Flat file database loaded into memory with mmap
On the opposite end of the spectrum, I could write the caches to disk, then load them into memory with mmap, can share the same memory space between separate executions. It's not clear to me what happens to the mmap if all processes exit however. It's ok if the mmap is eventually flushed from memory, but I'd want it to stick around for a little bit (30 seconds? a few minutes?) so a user can run commands one after another, and the cache can be reused. This example seems to imply that there needs to be an open mmap handle, but I haven't found any exact description of when memory mapped files get dropped from memory and need to be reloaded from disk.
I think I could implement this, if mmap objects do stick around after exit, but it feels very low level, and I imagine someone's already got a more elegant solution implemented. I'd hate to start building this only to realize I've been rebuilding SQLite. On the other hand, it feels like it would be very fast, and I could make optimizations given my specific use case.

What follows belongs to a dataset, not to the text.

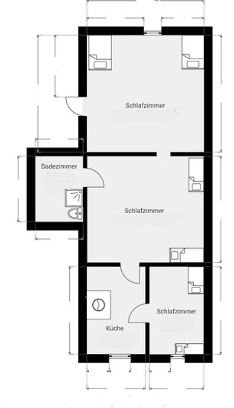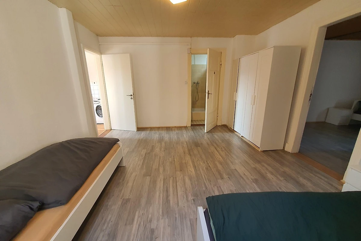 Die Wohnung hat 3 Zimmer und ist mit 6 komfortablen Einzelbetten, Kleiderschränken, Stühlen und Tisch, W-Lan sowie TV eingerichtet.
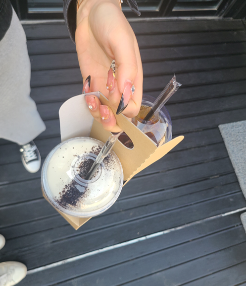 저희는 일정상 카페에서 마시지 못하고 테이크아웃을 했어요 ㅎㅎㅎ카페에서 먹으면 좀 더 이쁘고 맛있게 해주실 수 있으셨다고 하셨습니다. 만약 방문하셔서 여유가 되시면 카페에서 디저트랑 같이 드셔보시길 추천드립니다!

Share Python objects between processes using Processing
The Processing package indicates "Objects can be shared between processes using ... shared memory". Looking through the rest of the docs, I didn't see any further mention of this behavior, but that sounds very promising. Can anyone direct me to more information?
Store data on a RAM disk
My concern here is OS-specific capabilities, but I could create a RAM disk and then simply read/write to it as I please (SQLite?). The fs.memoryfs package seems like a promising alternative to work with multiple OSs, but the comments imply a fair number of limitations.
I know pickle is an efficient way to store Python objects, so it might have speed advantages over any sort of manual data storage. Can I hook pickle into any of the above options? Would that be better than flat files or SQLite?
I know there's a lot of questions related to this, but I did a fair bit of digging and couldn't find anything directly addressing my question with regards to multiple command line executions.
I fully admit, I may be way overthinking this. I'm just trying to get a feel for my options, and if they're worthwhile or not.
Thank you so much for your help!
I would just do the simplest thing that might possibly work. ...which in your case would likely just be to dump to a pickle file. If you find it's not fast enough, try something more involved (like memcached or SQLite). Donald Knuth says "Premature optimization is the root of all evil"!